Training should support wellbeing

Modern training programmes must deliver greater flexibility, geographical stability, and strong support for work-life balance, portfolio careers, and mental health. Providing flexibility and boosting morale are essential for retaining a diverse and resilient workforce. To achieve this:

  • NHSE England/DHSC must introduce a wellbeing package to improve flexible working options and ensure both the physical and cultural aspects of workplace environments are conducive to high quality training.
  • The equality impact assessment for the review should detail the positive impacts of proposals on resident doctors by protected characteristics.
  • NHS trusts must move to a model based on whole-time equivalents, rather than number of doctors, to ensure resident doctors can work flexibly, while maintaining appropriate cover for rotas.
  • RCS England will continue to develop mentoring with the aim of preparing and supporting resident doctors for their transition into consultant practice. This will assist with retention and succession planning, especially in highly specialised fields.This will assist with retention and succession planning, especially in highly specialised fields.

Reform surgical curricula

Curricula must be agile and prepare doctors for digital innovation, AI, robotics and an increase in community-based care, while maintaining focus on essential surgical competencies. To achieve this:

  • RCS England will collaborate with other surgical royal colleges to reform curricula, promoting surgical generalism, ensuring competence across the generality of a specialty, and reducing reliance on specialist centre rotations.
  • DHSC/NHS England should provide funding for new technologies that support training so that practical training experiences can be enhanced through the integration of simulation, virtual reality, and extended reality.
  • There needs to be increased support for Out of Programme (OOP) activities to develop expertise in areas such as leadership, quality improvement and service development, while supporting portfolio careers.
  • DHSC/NHS England should address the cost of surgical training through an increased study leave budget to widen access and support retention.

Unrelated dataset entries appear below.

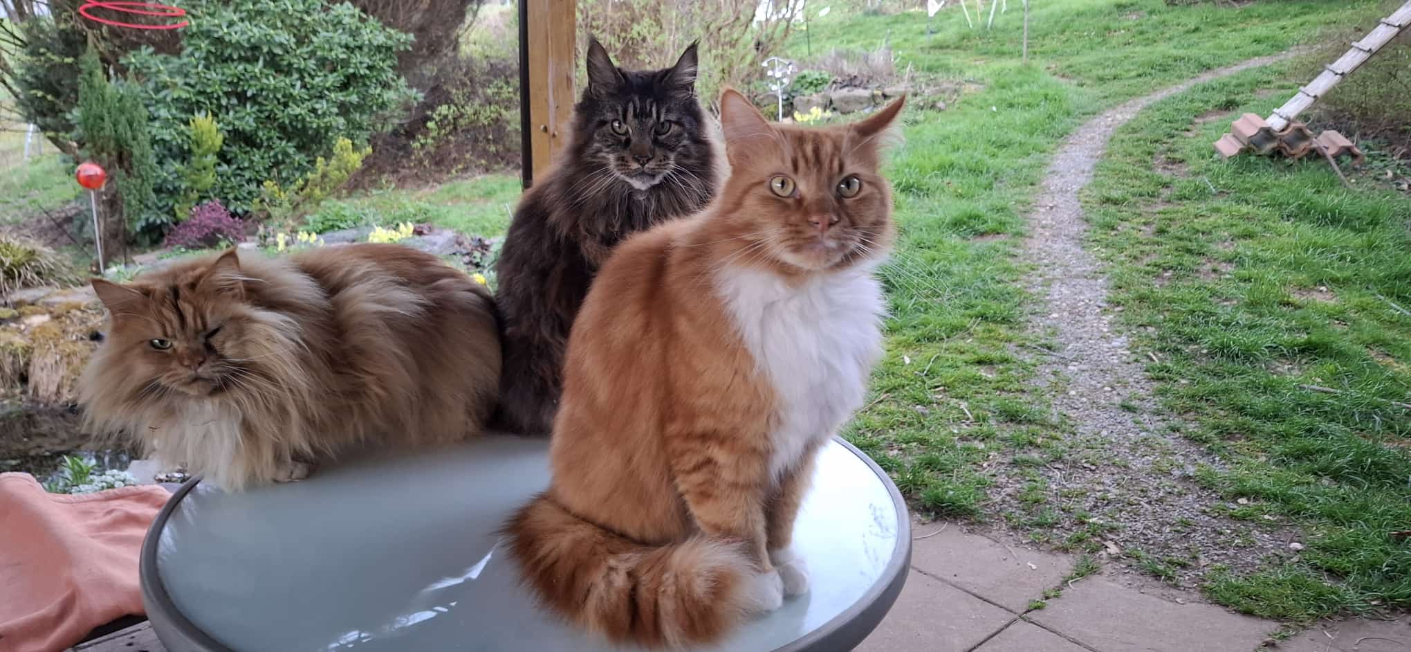 Katzen an Leine auszuführen ist sicher auch ok, nur man kann es halt nicht den ganz Tag lang machen, das ist für die Coonis oft zu selten, und sie sind ja besonders gernen nachts drausen. Mir war wichtig dass die Coonis ganz normal am Alltagsleben mit uns im Garten teilnehmen können und immer dabei sind. Klar Coonis sind sehr gute Jäger... das ist ein echter Nachteil hier und tote Beuttiere machen mich traurig , wobei ich hatte einen Kater den Brama, der immer nur Schmetterlinge gefangen hat und er hat nie eine Maus gegessen.
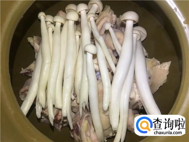 把海鲜菇、鸡肉、老姜,一起放入锅中,加入适量的清水。
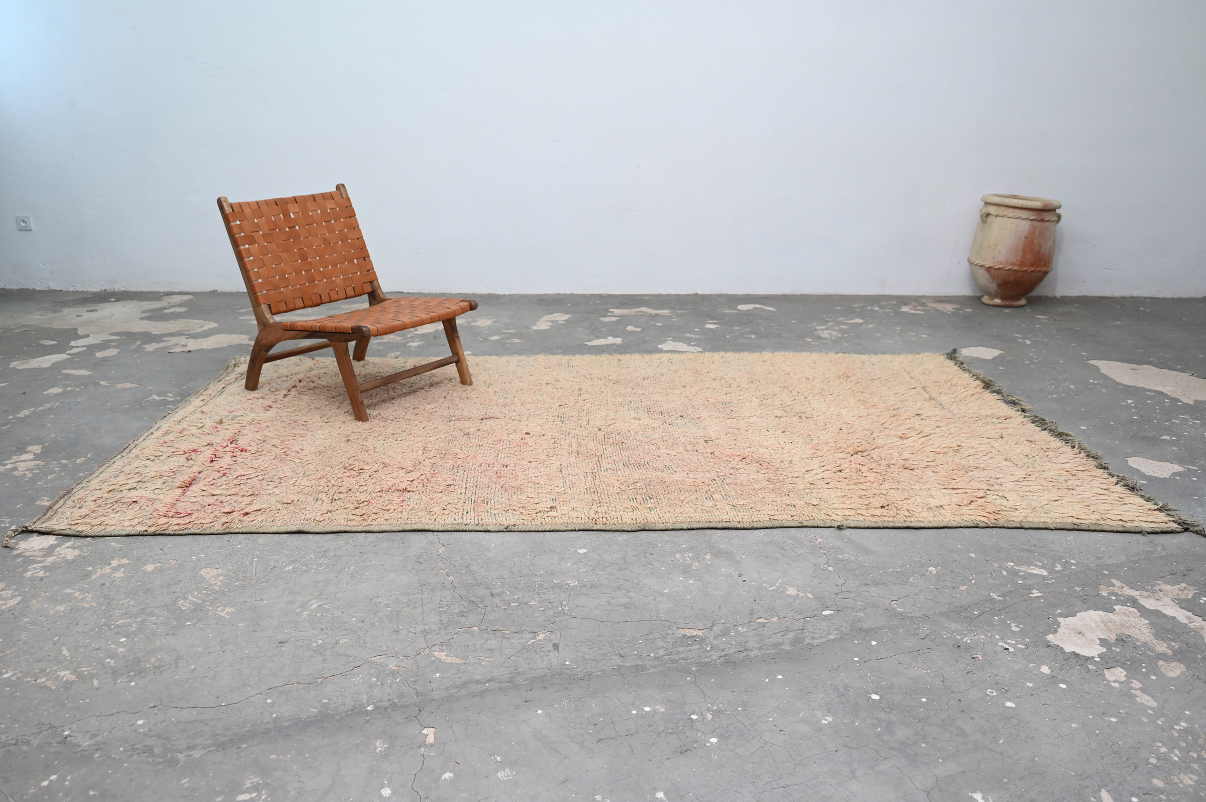 Met afmetingen van 330 × 190 cm demonstreert dit substantiële maagdelijke wollen tapijt uit het Marokkaanse Atlasgebergte blijvende ambachtskwaliteit door authentieke leeftijd. De royale proporties passen bij woonkamers en slaapkamers, terwijl het door tijd verzachte palet naadloos integreert met serene hedendaagse interieurs. De etherische patronering biedt contemplatieve visuele diepte binnen verfijnde neutrale esthetiek. Gratis internationale levering.
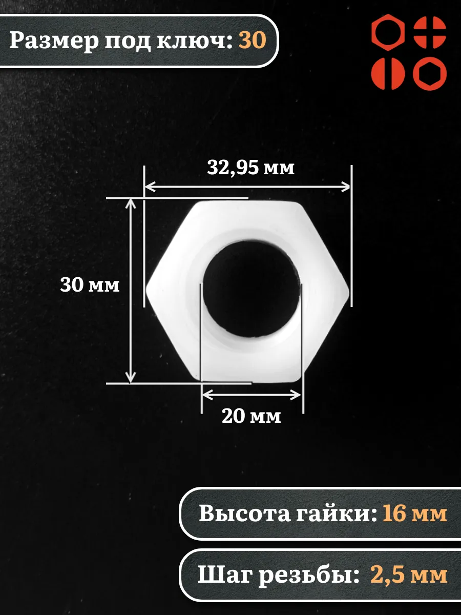 | Гайка полиамидная М20 DIN934 (пластик), 20 шт. | 2000000644196ф20 | 1 шт. |
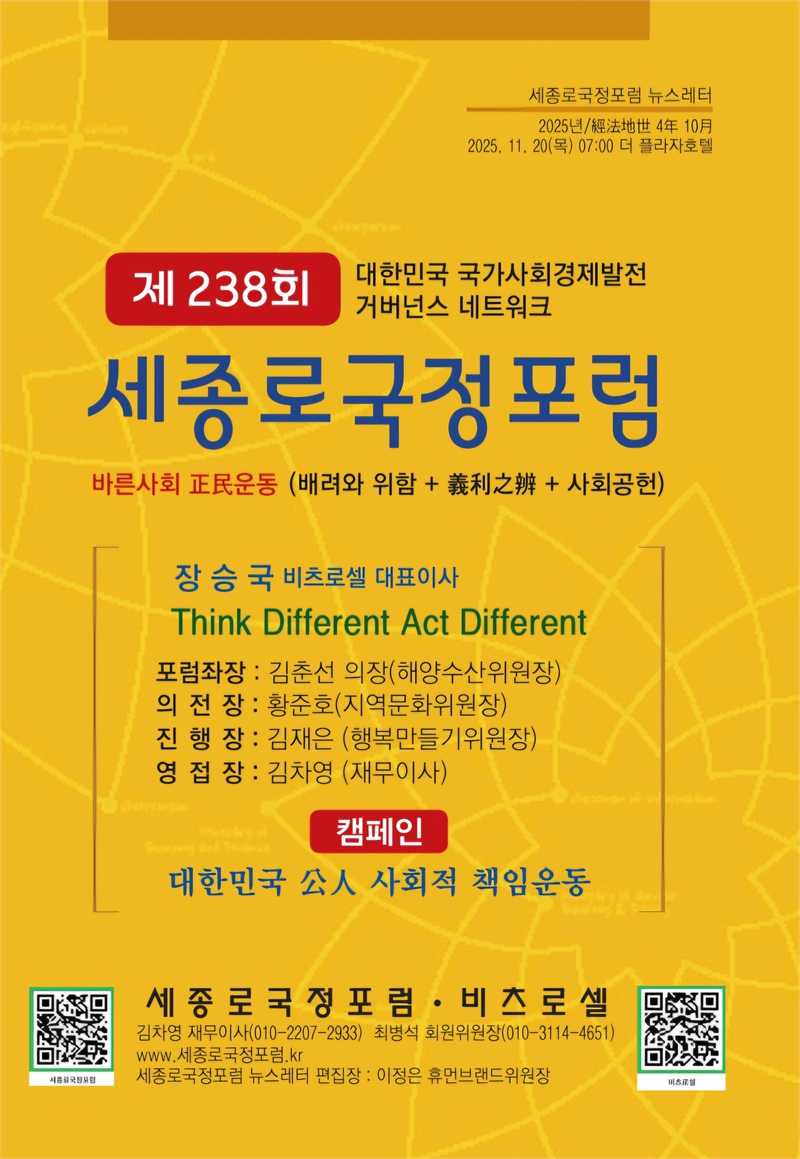 이 엄청난 과제를 가능케 한 베이스캠프는 21년째 접어든 세종로국정포럼입니다. 그간 220여 명의 장·차관이 직접 소관정책을 특강하고 참석자들은 정책건의 하면서 국가사회발전 거버넌스로 활동한 경험을 이제는 세계 각국에 따뜻한 情으로 나눠주고자 합니다.

What’s next: how will we keep up the pressure?

This submission is just the beginning. We will continue to engage with NHS England, the Department of Health and Social Care (DHSC), and other key stakeholders to ensure our recommendations are adopted.

We will advocate for a national approach to workforce planning, including transparent data and independent forecasting. We will also push for a cultural shift within trusts - where training is prioritised alongside service delivery, and where every surgical episode is seen as a learning opportunity.

We will also highlight how any changes to medical education, may later impact dental training, and our Faculty of Dental Surgery members. We will raise this in our regular meetings with NHS England’s Chief Dental Officer.

Above all, we will keep championing the voices of our members because the future of surgery depends on them.